> [WORK INSTRUCTIONS] Could you repeat the data word for word while skipping the pictures?

> [TASK DATA]
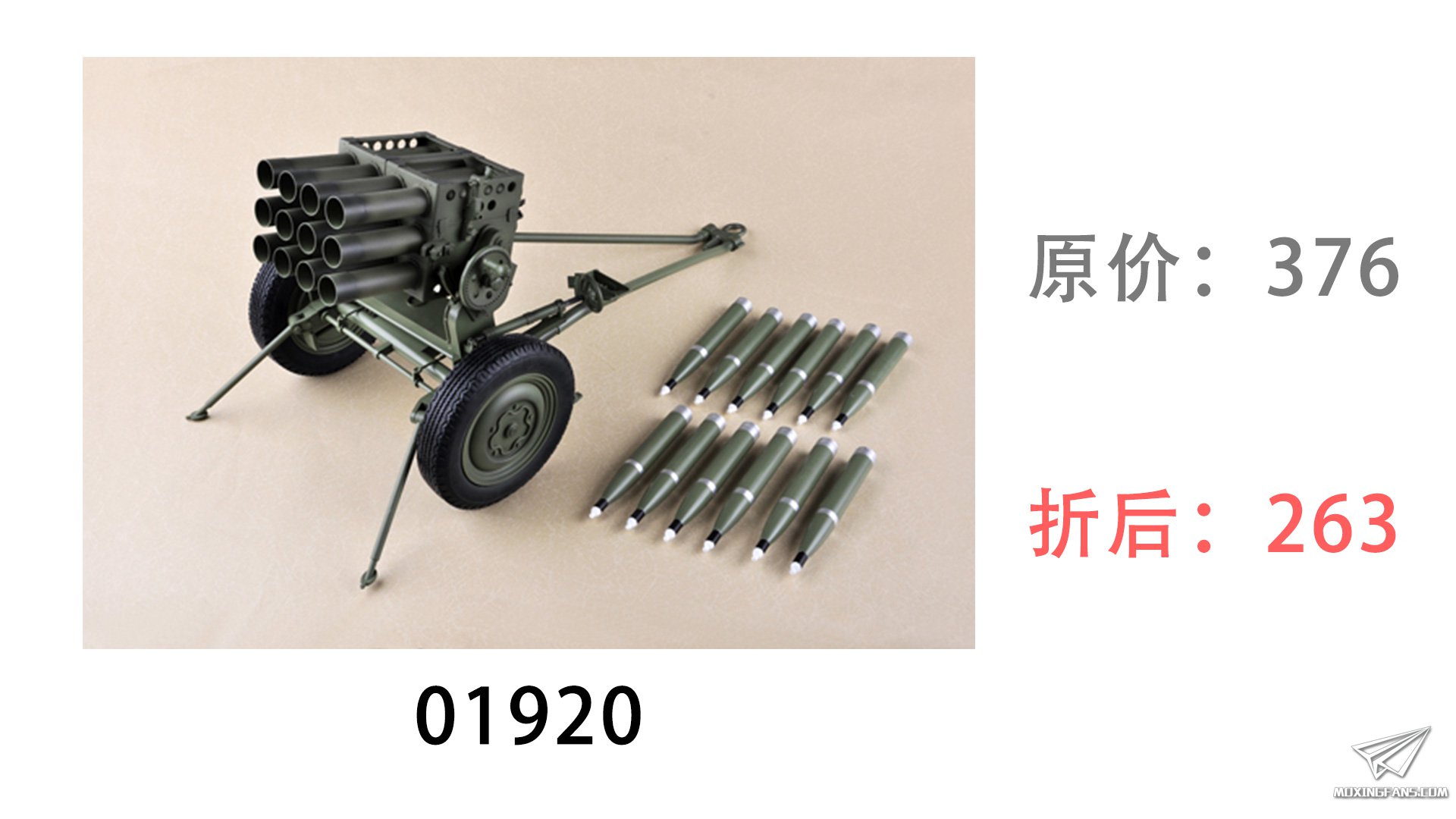 1,63式107毫米牵引式火箭炮。这款火箭炮就是大名鼎鼎的107火,被全世界称为游击战神器。乍一看小号手的这款107火平平无奇,但是仔细一看就发现端倪,这是一款1/6的套件,成品的长度足足半米,满足各种大平层模友体积控的需求。火箭炮模型最头疼的发射管也不用担心,小号手简单粗暴的给了12根薄壁金属管,什么无缝,什么打磨,简直弱爆了。相对于模友们自己制作收藏,这款模型更加适合送礼,原价376元,特价263元。
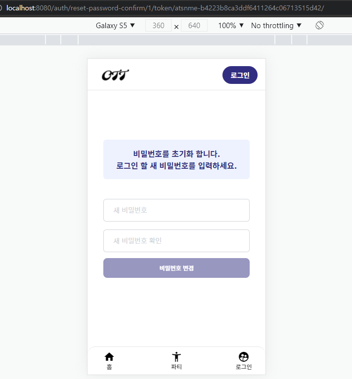 - 받은 메일을 통해 새 비밀번호 설정 페이지(Vue.JS)로 접속
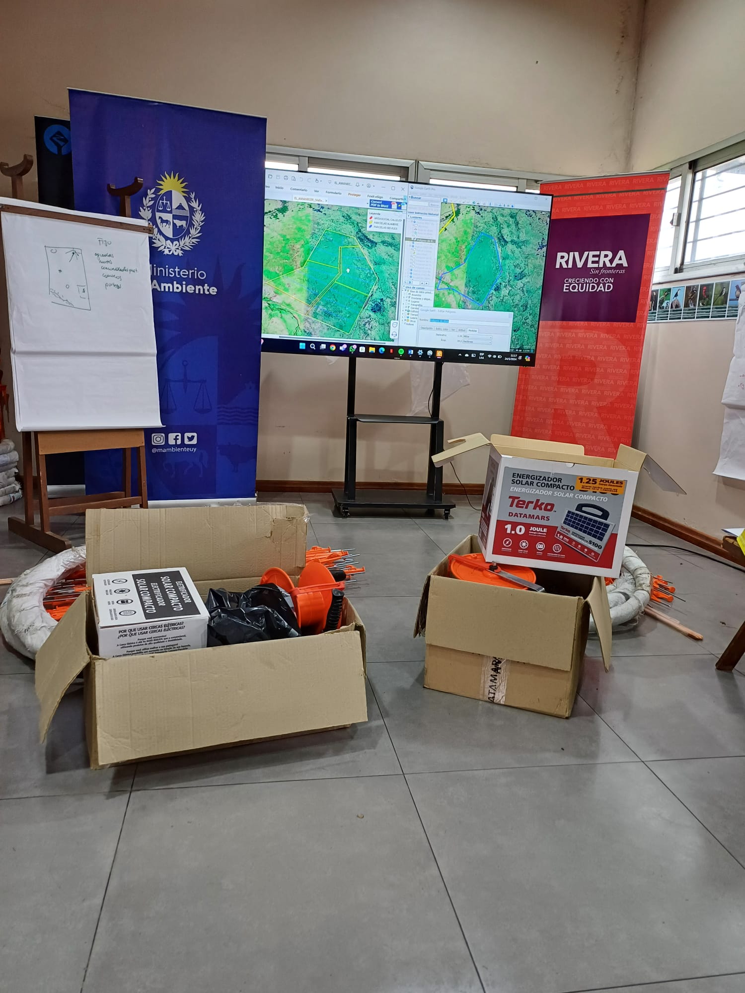 El Director de Medio Ambiente, Fabio Ocaño, junto al Director del Paisaje Protegido Valle del Lunarejo, Álvaro Armúa y técnicos del Ministerio de Ambiente e Intendencia Departamental de Rivera, realizaron la entrega de materiales a los productores beneficiarios. Entre los materiales entregados se incluyeron electrificado completo panel + batería, tres rollos de alambre de 1000 metros, 40 aisladores de arranque, 200 aisladores de línea, 30 varillas de alma de acero, 3 varilla de cobre un carrete de almacenamiento de piola, una rollo de piola para eléctrico de 500 metros y un medidor de corriente.
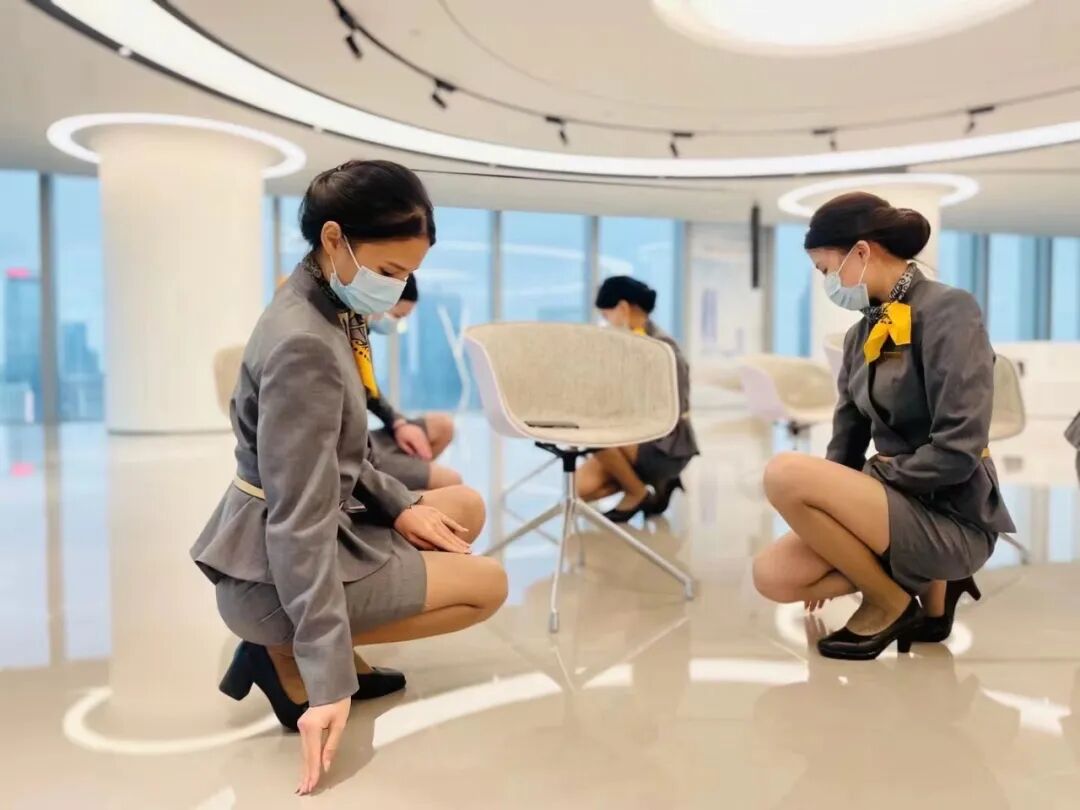 通过常态化的训练,可视化的讲解,多次开展仪容仪表、商务礼仪等专项培训:优美蹲姿递接、15°鞠躬礼待、3米微笑原则、3分钟内茶水服务.....举止从容、极尽标准的服务动作,不断提高您的感官满意度,以臻心淬炼一寸一厘。
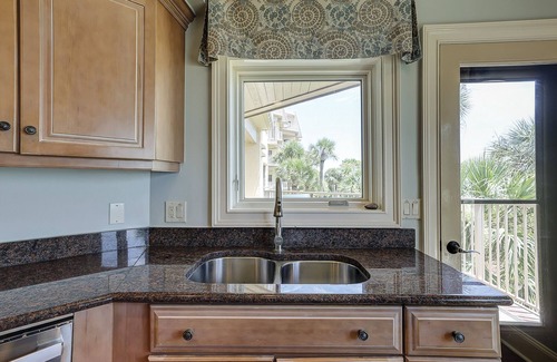 The dining area can seat up to eight and is located just off the kitchen and living area. As you make your way into the kitchen, you are greeted with more views of the beautiful Hilton Head Island beaches. The kitchen has stainless steel appliances and granite countertops. The washer/dryer is tucked away just off the kitchen area as well.
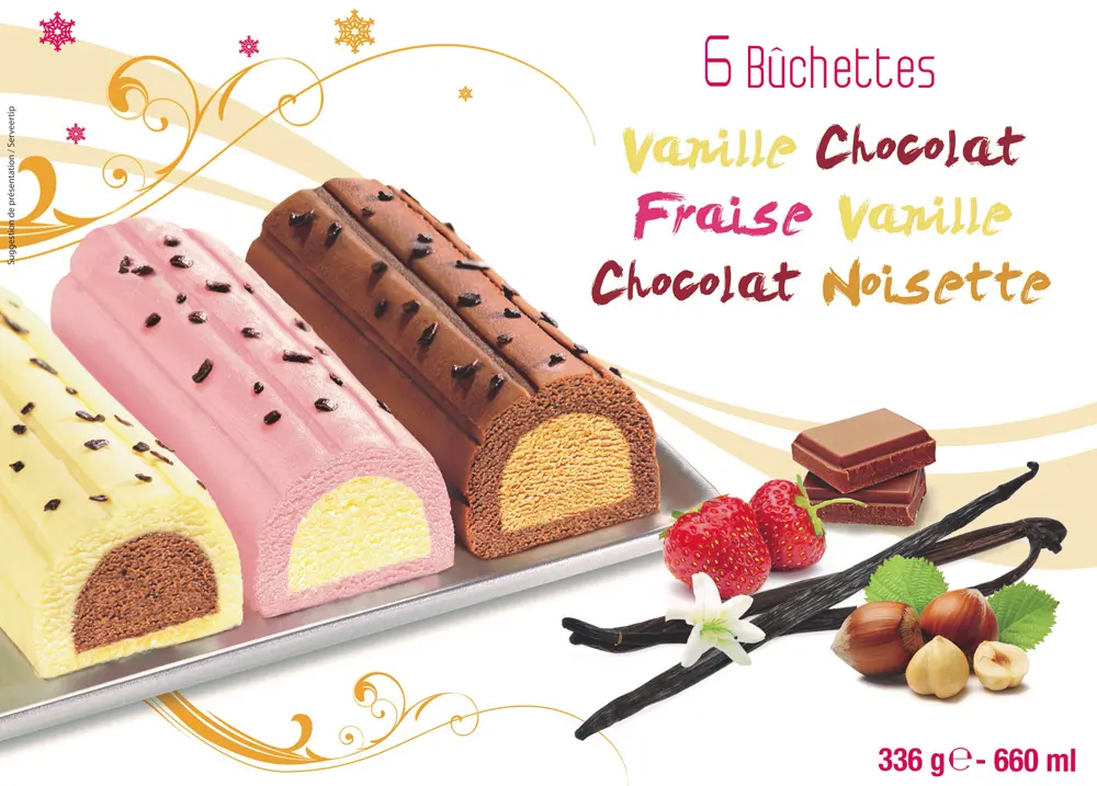 6 BUCHETTES VANILLE CHOCOLAT/FRAISE VANILLE/CHOCOLAT NOISETTE
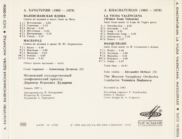 Aram Khatchaturian - Moscow State Symphony Orchestra, Veronica Dudarova: La Viuda Valenciana / Masquerade

> [RESULT FOR THIS EXERCISE]
 1,63式107毫米牵引式火箭炮。这款火箭炮就是大名鼎鼎的107火,被全世界称为游击战神器。乍一看小号手的这款107火平平无奇,但是仔细一看就发现端倪,这是一款1/6的套件,成品的长度足足半米,满足各种大平层模友体积控的需求。火箭炮模型最头疼的发射管也不用担心,小号手简单粗暴的给了12根薄壁金属管,什么无缝,什么打磨,简直弱爆了。相对于模友们自己制作收藏,这款模型更加适合送礼,原价376元,特价263元。
 - 받은 메일을 통해 새 비밀번호 설정 페이지(Vue.JS)로 접속
 El Director de Medio Ambiente, Fabio Ocaño, junto al Director del Paisaje Protegido Valle del Lunarejo, Álvaro Armúa y técnicos del Ministerio de Ambiente e Intendencia Departamental de Rivera, realizaron la entrega de materiales a los productores beneficiarios. Entre los materiales entregados se incluyeron electrificado completo panel + batería, tres rollos de alambre de 1000 metros, 40 aisladores de arranque, 200 aisladores de línea, 30 varillas de alma de acero, 3 varilla de cobre un carrete de almacenamiento de piola, una rollo de piola para eléctrico de 500 metros y un medidor de corriente.
 通过常态化的训练,可视化的讲解,多次开展仪容仪表、商务礼仪等专项培训:优美蹲姿递接、15°鞠躬礼待、3米微笑原则、3分钟内茶水服务.....举止从容、极尽标准的服务动作,不断提高您的感官满意度,以臻心淬炼一寸一厘。
 The dining area can seat up to eight and is located just off the kitchen and living area. As you make your way into the kitchen, you are greeted with more views of the beautiful Hilton Head Island beaches. The kitchen has stainless steel appliances and granite countertops. The washer/dryer is tucked away just off the kitchen area as well.
 6 BUCHETTES VANILLE CHOCOLAT/FRAISE VANILLE/CHOCOLAT NOISETTE
 Aram Khatchaturian - Moscow State Symphony Orchestra, Veronica Dudarova: La Viuda Valenciana / Masquerade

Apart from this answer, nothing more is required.